No, so long as there is no contractual obligation that would require the former employee to be reinstated. A contractual obligation can arise pursuant to a collective bargaining agreement with a union or by virtue of an employment agreement with the former employee. It is also possible, depending on the circumstances, that an employer can create a legally enforceable promise to rehire staff based on the communications to staff when they were terminated or even after termination.

As the pandemic struck in 2020, hotels and restaurants laid off staff, and employers were free (assuming the employer was not subject to collective bargaining restrictions) to terminate staff due to the reduction in operations. Employers had no obligation to promise staff they would be given priority when businesses reopened.

Whether an employer has created a legally enforceable obligation to rehire former staff depends on what was communicated at the time of the layoff or termination. In order to evaluate whether former employees have rehire rights (that employees would be the first to be offered positions upon reopening, for example), the employer should seek legal counsel to ascertain whether the employer’s communications created legal rights that would require certain employees be reinstated when positions become available.

Can an employer legally hire an applicant and reject a former employee who was laid off?

Yes. If there is no other legal obligation to reinstate a former employee, employers are free to hire the most qualified applicant for the position.

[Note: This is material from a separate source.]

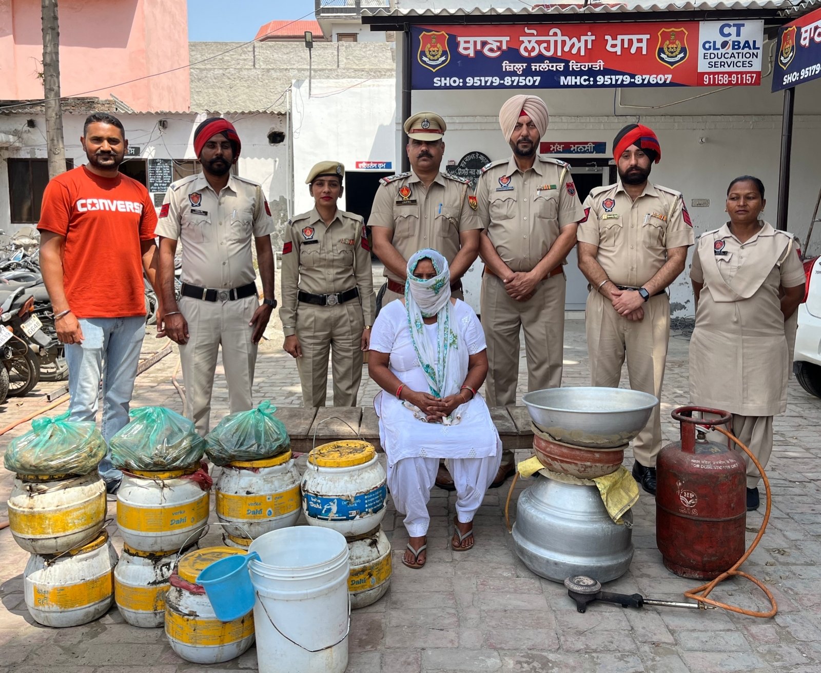 ਸ੍ਰੀ ਮੁਖਵਿੰਦਰ ਸਿੰਘ ਭੁੱਲਰ ਪੀ.ਪੀ.ਐਸ ਸੀਨੀਅਰ ਪੁਲਿਸ ਕਪਤਾਨ, ਜਲੰਧਰ-ਦਿਹਾਤੀ ਜੀ ਦੇ ਦਿਸ਼ਾਂ ਨਿਰਦੇਸ਼ਾਂ ਅਨੁਸਾਰ ਸਮਾਜ ਦੇ ਭੈੜੇ ਅਨਸਰਾਂ/ਨਸ਼ਾ ਤਸਕਰਾਂ ਖਿਲਾਫ ਅਤੇ ਜਿਮਨੀ ਚੋਣਾ 2023 ਦੇ ਸਬੰਧ ਵਿੱਚ ਚਲਾਈ ਗਈ ਵਿਸ਼ੇਸ਼ ਮੁਹਿੰਮ ਤਹਿਤ ਸ੍ਰੀ ਮਨਪ੍ਰੀਤ ਸਿੰਘ ਢਿੱਲ PPS ਪੁਲਿਸ ਕਪਤਾਨ, ਤਫਤੀਸ਼, ਸ੍ਰੀ ਗੁਰਪ੍ਰੀਤ ਸਿੰਘ ਪੀ.ਪੀ.ਐਸ ਪੁਲਿਸ ਕਪਤਾਨ, ਸਬ ਡਵੀਜਨ ਸ਼ਾਹਕੋਟ ਦੀ ਅਗਵਾਈ ਹੇਠ ਇੰਸਪੈਕਟਰ ਜੈ ਪਾਲ ਮੁੱਖ ਅਫਸਰ ਥਾਣਾ ਲੋਹੀਆ ਦੀ ਪੁਲਿਸ ਪਾਰਟੀ ਵੱਲੋਂ ਸ਼ਰਾਬ ਨਜੈਜ ਦਾ ਧੰਦਾ ਕਰਨ ਵਾਲੀ 01 ਮਹਿਲਾ ਨਸ਼ਾ ਤਸਕਰ ਨੂੰ ਗ੍ਰਿਫਤਾਰ ਕਰਕੇ ਉਸ ਪਾਸੇ ਭੱਠੀ, ਭੱਠੀ ਦਾ ਸਮਾਨ, ਲਾਹੁਣ ਵਜਨੀ 155 ਲੀਟਰ ਅਤੇ ()1 ਕੇਨੀ ਪਲਾਸਟਿਕ ਸ਼ਰਾਬ ਨਜੈਜ ਵਜਨੀ 15000 ML ਬ੍ਰਾਮਦ ਕਰਨ ਵਿਚ ਸਫਲਤਾ ਹਾਸਲ ਕੀਤੀ ਗਈ ਹੈ।

However, employers’ recruiting strategies should be carefully evaluated. This is especially true for hospitality employers reopening venues that were shuttered or operating at a limited capacity during the pandemic and need to hire significant numbers of staff. Consistent with regular hiring practices, employers should institute recruiting procedures that are unbiased and will enable the business to identify the most qualified candidates.

A former employee who is not rehired may challenge the hiring decision, arguing the company was discriminatory or retaliatory because the employer had more information about former employees than about prospective hires. For instance, an employer likely will know an employee’s age, national origin, or history of absences or accommodations related to a serious health condition or disability. The former employee may be part of a protected class and argue that because they were qualified in the past to work at the hotel or restaurant they should not have been passed over for this opportunity, particularly where they had no documented performance or conduct issues.

To defend against a failure-to-hire claim, the employer must articulate a legitimate non-discriminatory reason for the decision. Because hotels and restaurants often are hiring multiple employees at the same time as business increases, they should use clearly defined, objective criteria that is associated with the needs of the business when making hiring decisions. If a new hire is favored over a former employee, the employer should be able to establish why the new hire was more qualified than the former employee.

What are some of best practices when evaluating applicants?

The most important step an employer can take to ensure its hiring decisions are fair and lawful is to train interviewers and decision makers. Training is a critical step toward unbiased hiring. Training can reinforce the importance of fairness in evaluating applicants and the techniques to best enable employers to assess applicants’ skills and experience.

Training should reinforce:     

  • The purpose of the interview;

  • How to ensure applicants are treated consistently;

  • How to avoid bias in the hiring process;

  • What questions not to ask;

  • How to best record applicants’ answers to questions;

  • What are protected characteristics and how to avoid asking questions that will elicit information that should not be considered; and

  • How to document the hiring decision.

It is an exciting time for the hospitality industry. Employees are ready to return to work and consumers are ready to enjoy dining out again. Building the most qualified team possible is high on the list of industry employers’ goals. Good practices can ensure that restaurants avoid litigation related to their hiring decisions.

Jacqueline R. Guesno contributed to this article.